• WHAT NEEDS TO BE DONE
Without the pictures, copy all of the data exactly.

• STORED DATA
..........

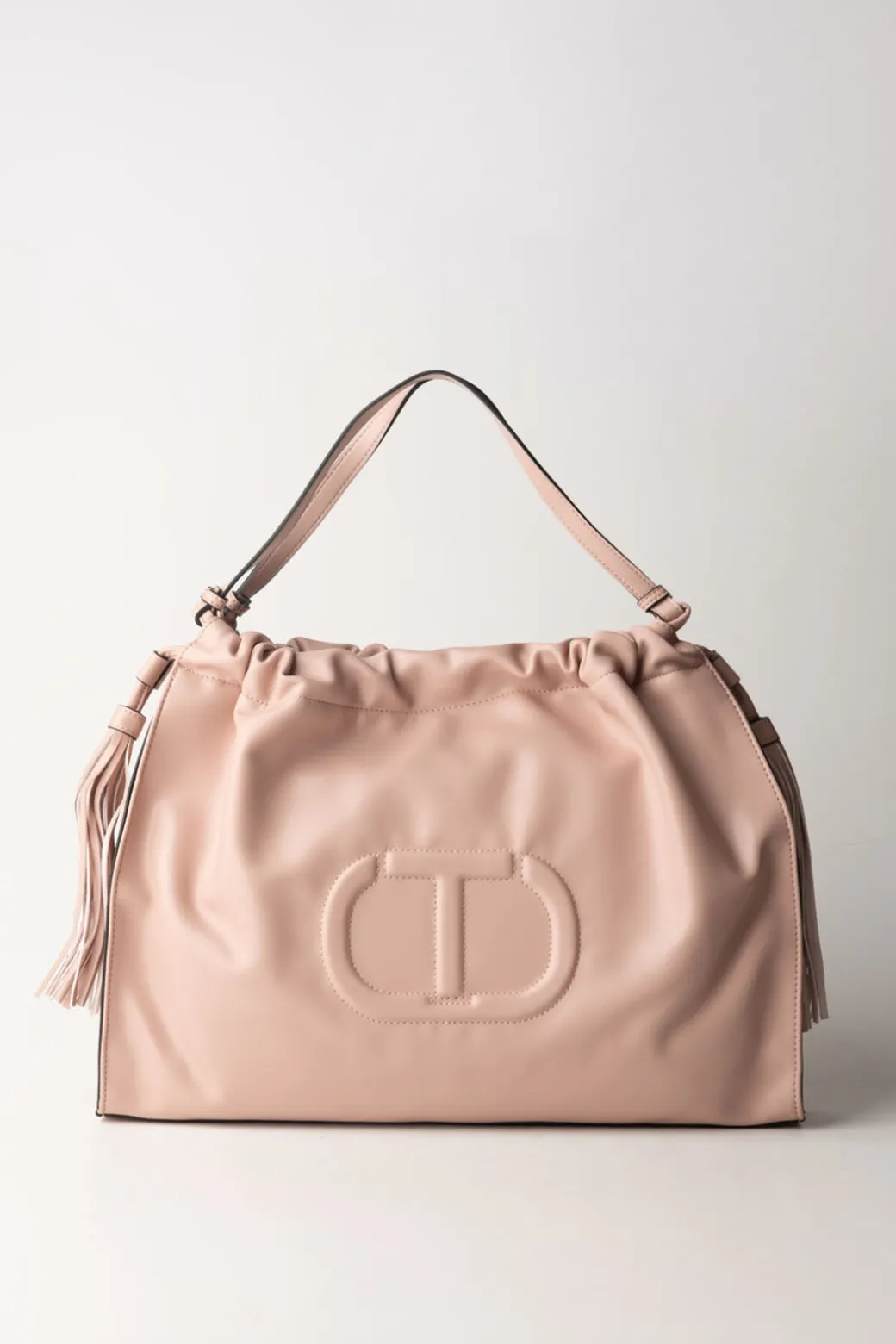 Allure boho per una borsa che ti accompagnerà con stile per tutte le tue avventure quotidiane: super capiente hobo Twinset caratterizzata da maxi logo e un’originale chiusura a coulisse con abbondanti nappe ai lati. Un accessorio che si farà notare e non solo per la sua dimensione: il suo designo morbido e stiloso sono certamente un modo per non passare inosservate.
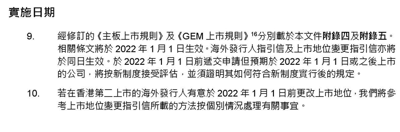 轉(zhuǎn)為主要上市而成為雙重主要上市發(fā)行人,所有自動豁免即告撤銷;港交所一般不會就全面遵守《上市規(guī)則》條文給予寬限期。
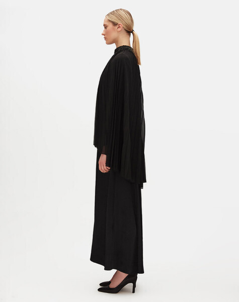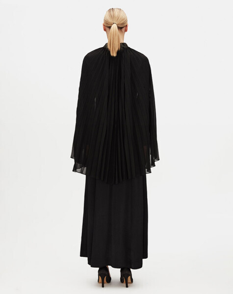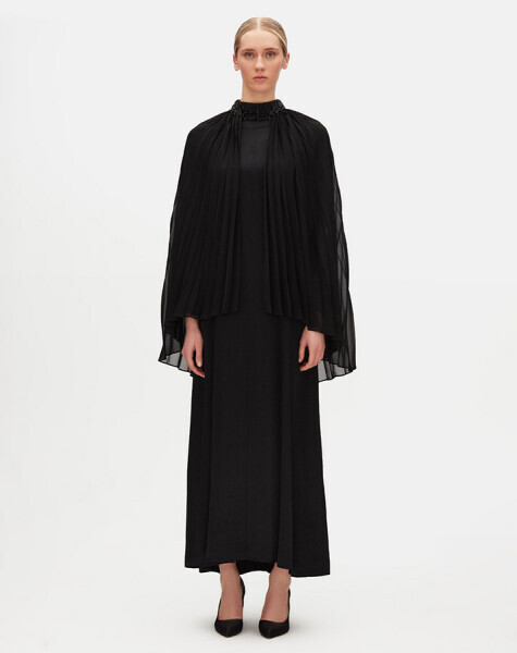Işıltılı taş süslemeleri ve zarif pelerin detayıyla dikkat çeken bu elbise, davetler ve özel anlar için ideal bir tercihtir. Akışkan yapısı ve omuzlardan aşağı süzülen pelerin tasarımı, asil bir duruş kazandırırken

..........

• ANSWER TO THE EXERCISE
 Allure boho per una borsa che ti accompagnerà con stile per tutte le tue avventure quotidiane: super capiente hobo Twinset caratterizzata da maxi logo e un’originale chiusura a coulisse con abbondanti nappe ai lati. Un accessorio che si farà notare e non solo per la sua dimensione: il suo designo morbido e stiloso sono certamente un modo per non passare inosservate.
 轉(zhuǎn)為主要上市而成為雙重主要上市發(fā)行人,所有自動豁免即告撤銷;港交所一般不會就全面遵守《上市規(guī)則》條文給予寬限期。
Işıltılı taş süslemeleri ve zarif pelerin detayıyla dikkat çeken bu elbise, davetler ve özel anlar için ideal bir tercihtir. Akışkan yapısı ve omuzlardan aşağı süzülen pelerin tasarımı, asil bir duruş kazandırırken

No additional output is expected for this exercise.